Bert A A, Reinert S E, Singh A K
Department of Anesthesiology, Rhode Island Hospital and Brown Medical School, Providence, RI 02903, USA.
J Cardiothorac Vasc Anesth. 2001 Apr;15(2):204-9. doi: 10.1053/jcan.2001.21959.
To evaluate magnesium as a sole or adjuvant agent with currently used prophylactic drugs in suppressing postoperative atrial tachyarrhythmias (POAT) after coronary artery bypass graft (CABG) surgery.
Single-center prospective, randomized clinical trial.
University hospital.
Patients (n = 400) undergoing CABG surgery.
Patients were randomized among 6 prophylaxis regimens: (1) control (no antiarrhythmics), (2) magnesium only, (3) digoxin only, (4) magnesium and digoxin, (5) propranolol only, and (6) magnesium and propranolol. Patients randomized to a regimen including magnesium received 12 g given during 96 hours postoperatively. Patients in a digoxin regimen received 1 mg after cardiopulmonary bypass and 0.25 mg daily. Patients in a propranolol regimen received 1 mg intravenously every 6 hours until able to take 10 mg orally 4 times a day. Prophylaxis regimens were discontinued after 4 days postoperatively.
The primary outcome was a sustained POAT or discharge from the hospital. Control patients had an incidence of POAT (38%) not significantly different from patients in magnesium-only (38%), digoxin-only (31%), and magnesium with digoxin (37%) regimens. Patients treated with propranolol had a significant reduction in POAT. Nearly identical POAT rates in the propranolol-only (18%) and propranolol with magnesium (19%) groups support the lack of efficacy of magnesium in this trial. Study design allowed analysis of and showed a beta-blocker withdrawal effect in addition to suppressive benefit of postoperative beta-blockers.
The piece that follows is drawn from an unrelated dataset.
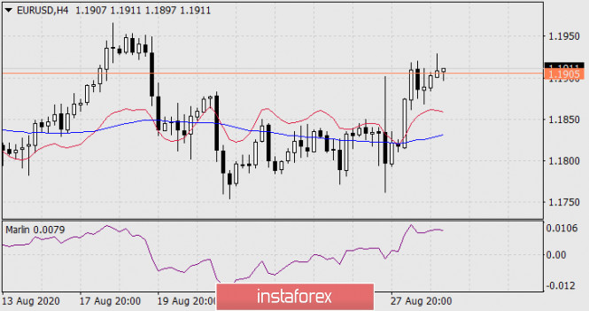 На графике дневного масштаба цена отработала верхнюю границу диапазона свободного блуждания 1.1710-1.1905, берущего начало 31 июля (этот факт нахождения цены в рамках диапазона также может быть причиной того, что стратегические инвесторы не оказывали сильного сопротивления покупателям). Выход цены чуть выше максимума 18 августа по осциллятору Марлин сформирует уже двойную дивергенцию, а это для евро сильный разворотный паттерн. Также евро может продолжить рост в диапазон 1.2040/55. В этом случае дивергенция переформируется в обычную (штриховая линия на дневном графике).

beta-Blocker prophylaxis is indicated to reduce the incidence of POAT in CABG surgery patients and to prevent a beta-blocker withdrawal effect in patients receiving these medications preoperatively. Digoxin and magnesium as sole or adjuvant agents do not offer suppressive or ventricular rate reduction benefits in POAT.
评估镁作为单一药物或与目前使用的预防性药物联合使用,在抑制冠状动脉旁路移植术(CABG)后术后房性快速心律失常(POAT)方面的效果。
单中心前瞻性随机临床试验。
大学医院。
接受CABG手术的患者(n = 400)。
患者被随机分为6种预防方案:(1)对照组(不使用抗心律失常药物),(2)仅使用镁,(3)仅使用地高辛,(4)镁和地高辛,(5)仅使用普萘洛尔,(6)镁和普萘洛尔。随机分配到含镁方案的患者在术后96小时内给予12 g镁。接受地高辛方案的患者在体外循环后给予1 mg,每日0.25 mg。接受普萘洛尔方案的患者每6小时静脉注射1 mg,直至能够每天口服4次,每次10 mg。预防方案在术后4天停止。
主要结局是持续性POAT或出院。对照组患者的POAT发生率(38%)与仅使用镁(38%)、仅使用地高辛(31%)和镁与地高辛联合使用(37%)方案的患者无显著差异。接受普萘洛尔治疗的患者POAT显著减少。仅使用普萘洛尔组(18%)和普萘洛尔与镁联合使用组(19%)的POAT发生率几乎相同,这支持了本试验中镁缺乏疗效的结论。研究设计允许分析并显示了除术后β受体阻滞剂的抑制作用外,还有β受体阻滞剂撤药效应。
β受体阻滞剂预防可降低CABG手术患者POAT的发生率,并预防术前接受这些药物治疗的患者出现β受体阻滞剂撤药效应。地高辛和镁作为单一药物或辅助药物在POAT中没有提供抑制作用或降低心室率的益处。